DATA SUPPLIED:

————

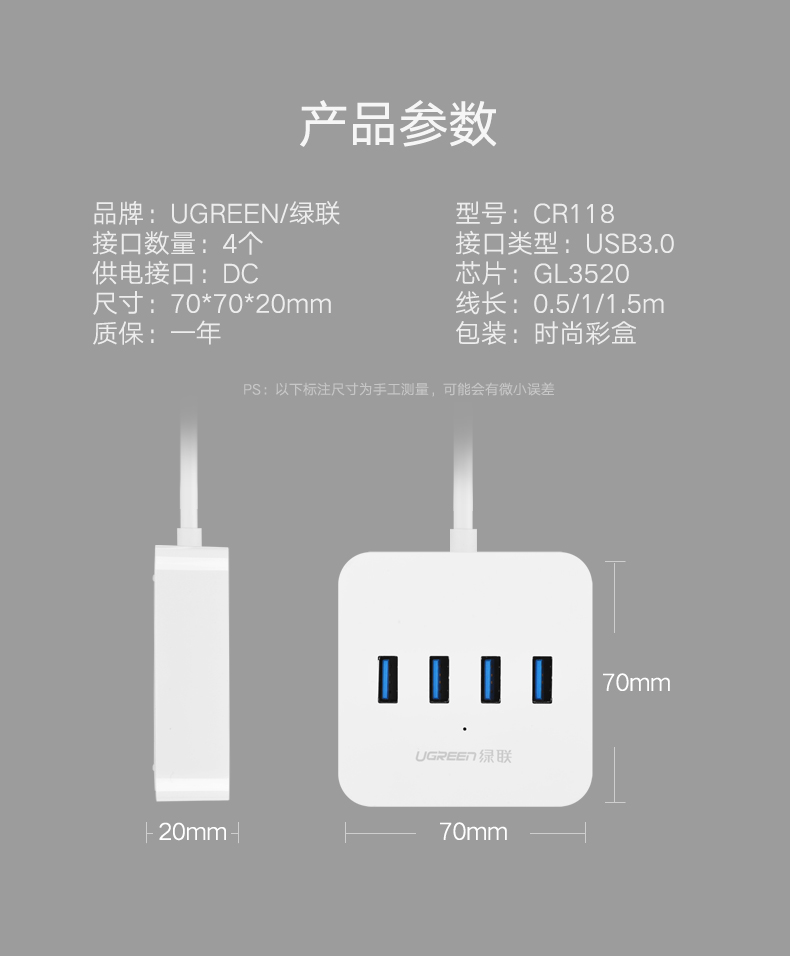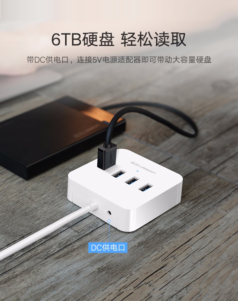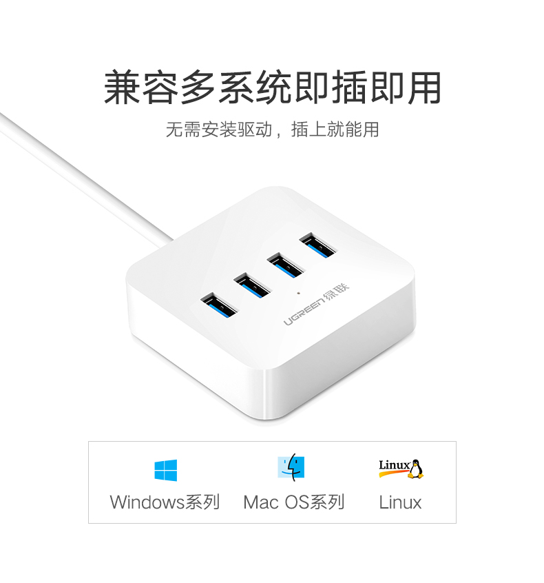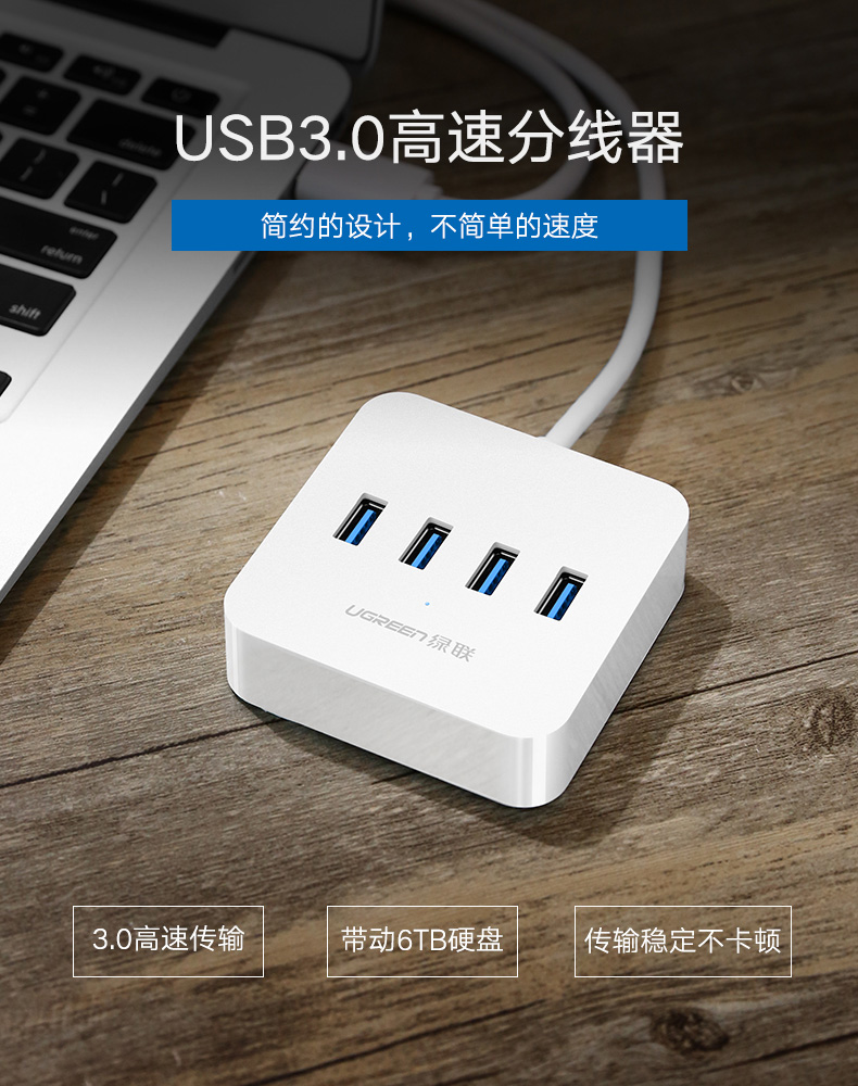 商品名称:绿联(UGREEN) USB3.0分线器 高速4口HUB扩展坞集线器 30221
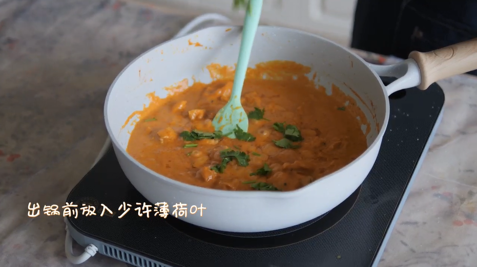 5.出锅前放入少许薄荷叶,出锅后加些淡奶油和薄荷点缀。
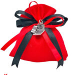 Sacchetto: Rosso in Tessuto con Nastrini doppio Raso Bianchi e Rossi – Solo se si sceglie la voce con confezione
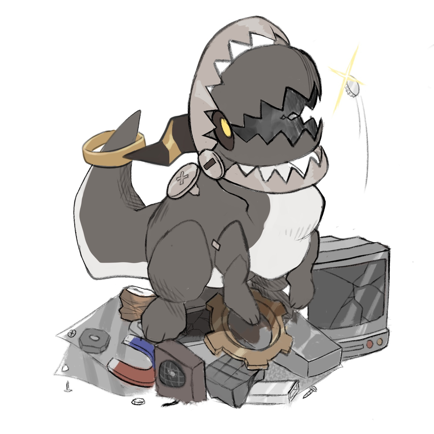 끊임없이 튼튼해지고 싶어하여 쇠를 먹는 소망이 커진 탓에 꼬리가 벌어지며 또 다른 입이 하나 더 생겨났다. 꼬리의 입은 쇠를 물어뜯기보다 자석처럼 빨아들이는데에 특화되어있다.
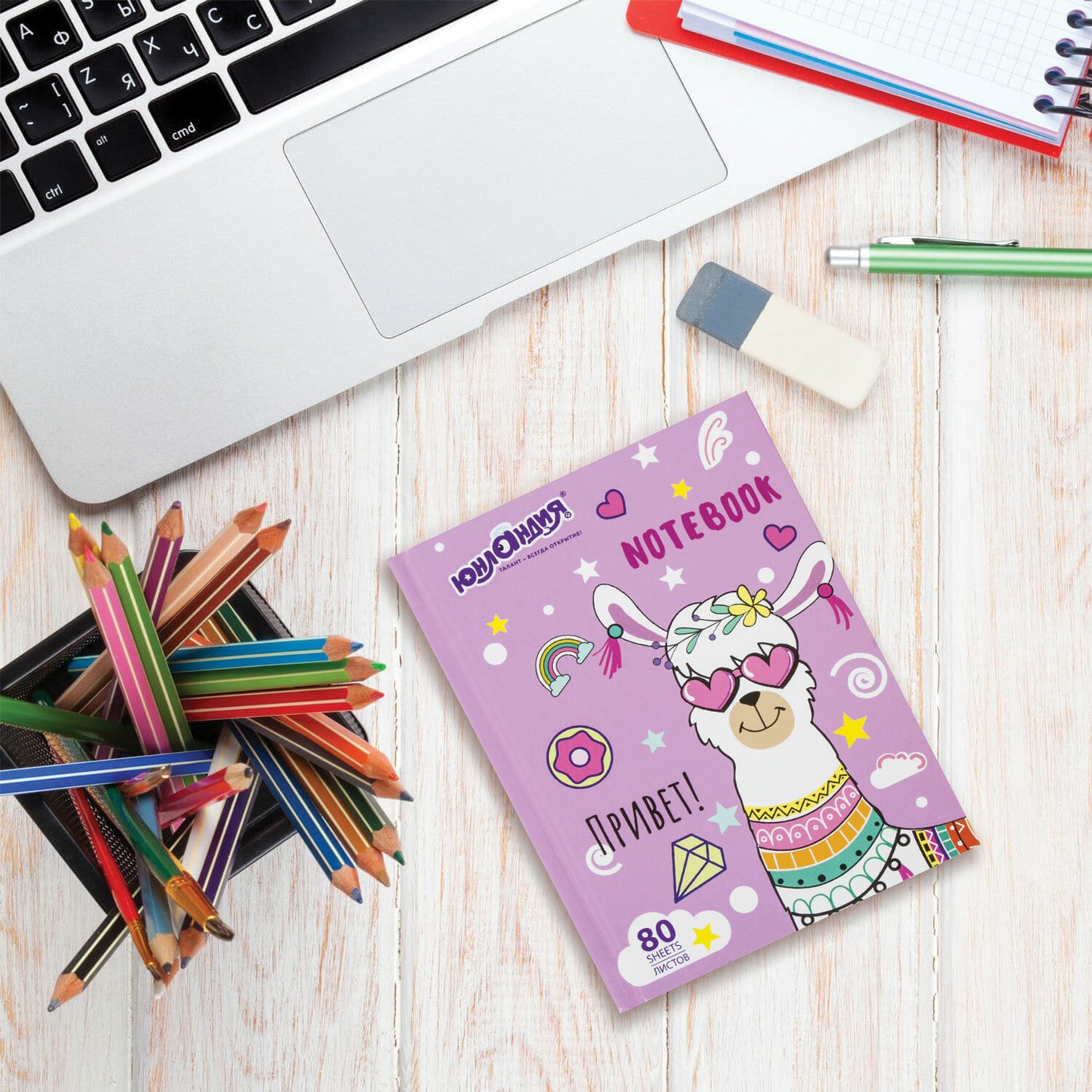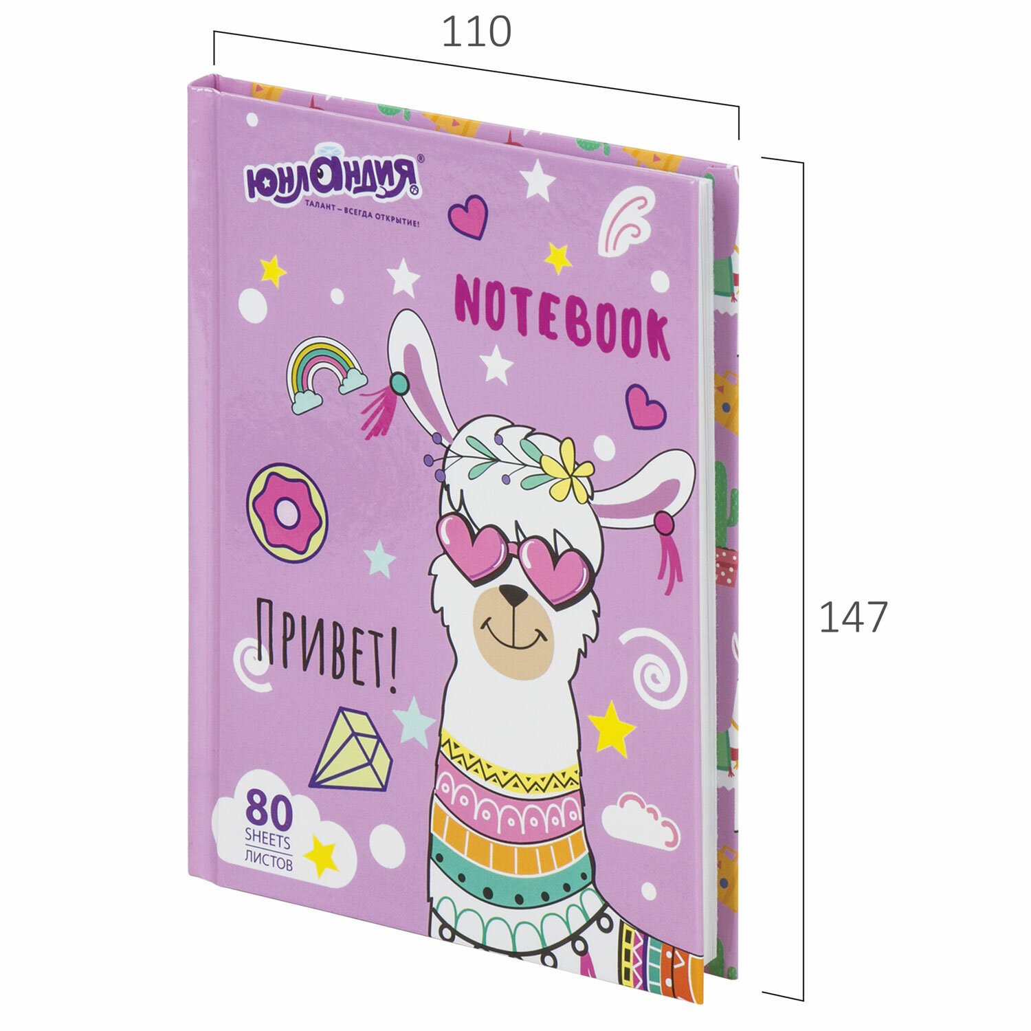 Блокнот МАЛЫЙ ФОРМАТ 110х147 мм, А6, 80 л., твердый, клетка, ЮНЛАНДИЯ, "Лама", 111619

————

REQUIREMENT:
What is needed is a word-for-word copy of the data, minus its pictures.

SOLUTION TO THIS TASK:
 商品名称:绿联(UGREEN) USB3.0分线器 高速4口HUB扩展坞集线器 30221
 5.出锅前放入少许薄荷叶,出锅后加些淡奶油和薄荷点缀。
 Sacchetto: Rosso in Tessuto con Nastrini doppio Raso Bianchi e Rossi – Solo se si sceglie la voce con confezione
 끊임없이 튼튼해지고 싶어하여 쇠를 먹는 소망이 커진 탓에 꼬리가 벌어지며 또 다른 입이 하나 더 생겨났다. 꼬리의 입은 쇠를 물어뜯기보다 자석처럼 빨아들이는데에 특화되어있다.
 Блокнот МАЛЫЙ ФОРМАТ 110х147 мм, А6, 80 л., твердый, клетка, ЮНЛАНДИЯ, "Лама", 111619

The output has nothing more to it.